SUPPLIED INFORMATION below:

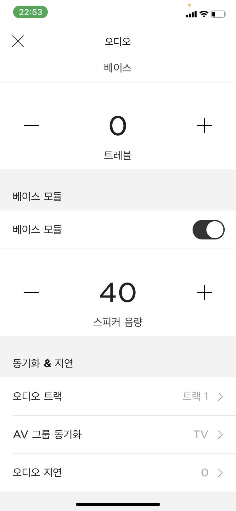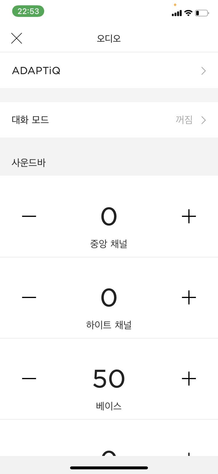'오디오' 버튼은 말 그대로 오디오 설정을 조작할 수 있습니다. 사운드바의 음량은 물론 저음, 중음, 고음을 단계별로 조정할 수 있습니다. 필자는 저음을 좋아해서 베이스만 50으로 설정해놓고 사용하는데 개인의 취향에 맞춰서 설정하시면 되겠습니다. 추가로, 필자의 경우 별도의 베이스 모듈도 있어서 이 모듈도 40으로 설정합니다. 이렇게 설정할 경우 울림이 생각보다 심한데 박진감 넘치고 웅장한 효과로는 그 어떤 사운드바로 따라올 수 없는 압도적인 성능을 발휘해줍니다. 중간중간 일반 TV를 재생하거나, 뉴스나 라디오 등을 들을 때는 따로 중음, 고음을 올리지는 않고 '대화모드'만 ON/OFF로 조정하면서 활용합니다.
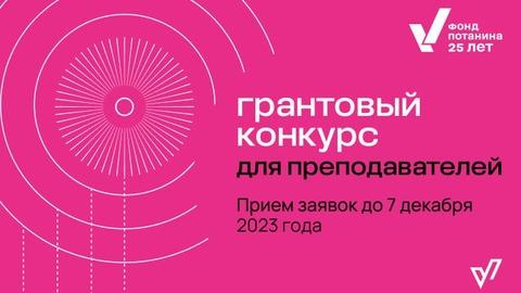 Стартовал Грантовый конкурс для преподавателей магистратуры от Благотворительного фонда Владимира Потанина. Дата окончания подачи заявок — 7 декабря 2023 года.
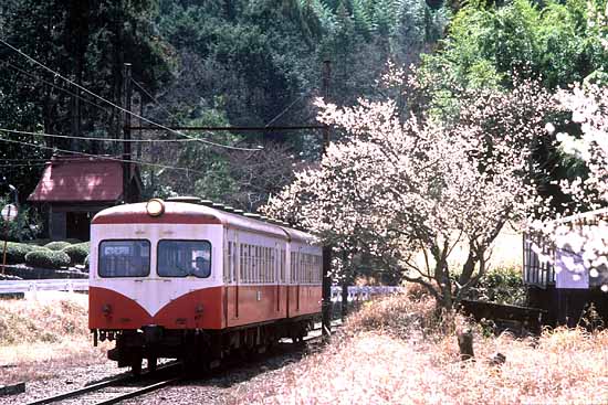 ▲私がはじめて大井川鉄道を訪れたのは、もう15年以上前の、ちょうど梅の咲き誇る季節のことだった。 蒸機列車や井川線と並んで、バラエティ豊かな電車たちもこの鉄道の大きな魅力だが、 さすがに世代交代は進んでおり、初訪問当時と変わることなく運用に就いているのは、いまでは写真の 元西武351系のグループ2連2本のみである。しかし、つい先日そのうち1本が脱線事故を起こしてしまったという。 人的被害がなかったのは幸いなれど、古い車輛だけに今後の去就が心配でならない。 大井川鉄道 田野口付近(?) クハ512or513+モハ312or313 1986.3.16 SPF 135mm KR |
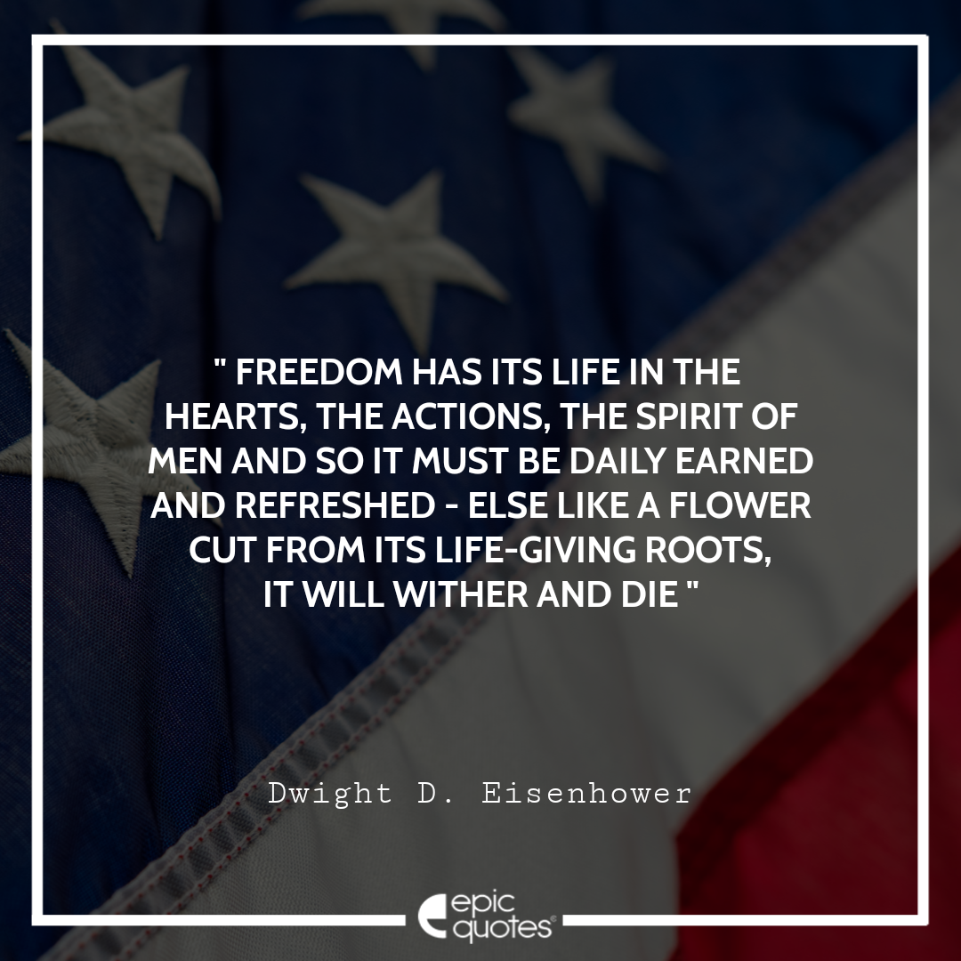 13. Freedom has its life in the hearts, the actions, the spirit of men and so it must be daily earned and refreshed – else like a flower cut from its life-giving roots, it will wither and die

End of SUPPLIED INFORMATION.

ACTION ITEM
When you restate the listing above, give each line word for word but leave out every image.

TASK SOLUTION
'오디오' 버튼은 말 그대로 오디오 설정을 조작할 수 있습니다. 사운드바의 음량은 물론 저음, 중음, 고음을 단계별로 조정할 수 있습니다. 필자는 저음을 좋아해서 베이스만 50으로 설정해놓고 사용하는데 개인의 취향에 맞춰서 설정하시면 되겠습니다. 추가로, 필자의 경우 별도의 베이스 모듈도 있어서 이 모듈도 40으로 설정합니다. 이렇게 설정할 경우 울림이 생각보다 심한데 박진감 넘치고 웅장한 효과로는 그 어떤 사운드바로 따라올 수 없는 압도적인 성능을 발휘해줍니다. 중간중간 일반 TV를 재생하거나, 뉴스나 라디오 등을 들을 때는 따로 중음, 고음을 올리지는 않고 '대화모드'만 ON/OFF로 조정하면서 활용합니다.
 Стартовал Грантовый конкурс для преподавателей магистратуры от Благотворительного фонда Владимира Потанина. Дата окончания подачи заявок — 7 декабря 2023 года.
 ▲私がはじめて大井川鉄道を訪れたのは、もう15年以上前の、ちょうど梅の咲き誇る季節のことだった。 蒸機列車や井川線と並んで、バラエティ豊かな電車たちもこの鉄道の大きな魅力だが、 さすがに世代交代は進んでおり、初訪問当時と変わることなく運用に就いているのは、いまでは写真の 元西武351系のグループ2連2本のみである。しかし、つい先日そのうち1本が脱線事故を起こしてしまったという。 人的被害がなかったのは幸いなれど、古い車輛だけに今後の去就が心配でならない。 大井川鉄道 田野口付近(?) クハ512or513+モハ312or313 1986.3.16 SPF 135mm KR |
 13. Freedom has its life in the hearts, the actions, the spirit of men and so it must be daily earned and refreshed – else like a flower cut from its life-giving roots, it will wither and die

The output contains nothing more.